Either she's suddenly become a
really good actress, or she really doesn't know. I'm starting to think she
didn't find out about what happened to me. She never could hide her emotions.
Or I thought she couldn't when I was with her.

“The one I had that summer going
home from your house. After your mother found us.”

She's speechless for a moment.
She didn't know. She left me anyway. But she didn't know. I'm not sure that
feels any better.

“You had an accident? A serious
accident?”

“I was in a coma for a couple of
months, in rehabilitation after that.”

“Oh, my god. I didn't know. Mom
made me go back to Greenwich the next morning before I could get to see you. I
sent you a message. I called you. You never got back to me. I didn't know.”
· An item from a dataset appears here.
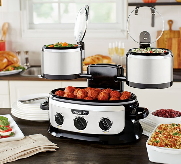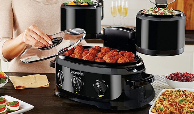 Swing & Serve 慢燉鍋具有銀色與黑色兩種選擇,流線型外觀極具現代感;便於收合的特性不佔空間,適合坪數有限的租屋同胞。採三鍋獨立的方式,控制鈕各居一方,可隨需求調整熱度。擁有 3.3 公升容量的中央大燉鍋適合燉煮主菜、1.4 公升的小燉鍋則方便分配小菜或湯品,鍋具後方更設置餐具位置,一體成型的絕佳設計,即使沒有多餘碗盤仍能用餐,結合可拆式好清理的條件,貼心設想使用者需求。此款慢燉鍋目前能在官網上購買,售價約台幣 2000 元。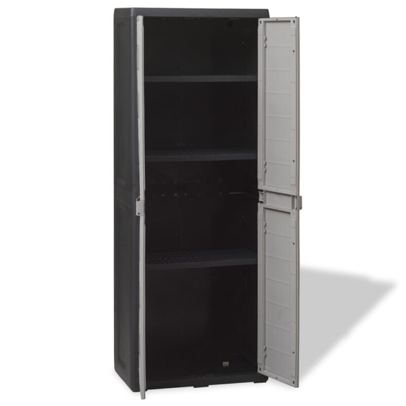 Découvrez l’armoire de rangement de jardin avec 3 étagères noir et gris

“Couldn't you have asked my
family?” She gave up on me so easily.

“I called the restaurant. I spoke
to a waitress. No one said anything. It sounded like I was just another girl
chasing you like all the others.”

“You were never like the others.”
I reach out for her hand. She snatches it away as if she’d touched a red-hot
stove. What did I do?

“Sorry,” she says.

What was that all about? Maybe
she's with someone now. I can't believe how much that idea hurts now I know she
didn't mean to leave me.

“You have someone else?” I have
to know.

“No.”

Neither of us says anything. I
think it's all just sinking in how much we lost. I lost months of my life, and
I lost Madison. There's no going back. We've both moved on. But have we really?
Neither of us has anyone else. There have been women since the accident, I'm no
fucking monk, but no one like Madison.

CHAPTER 32
MADISON
 

 

 

I'm stunned by Luke's revelation.
I can't help thinking if none of that had happened, if we hadn't broken up like
that, I'd still be the person I was that summer before I went to college and my
life was ruined. But now, I don't know. Nothing can be the same. I'm not the
same.

His phone vibrates. He doesn't
even glance at it. He just switches it off.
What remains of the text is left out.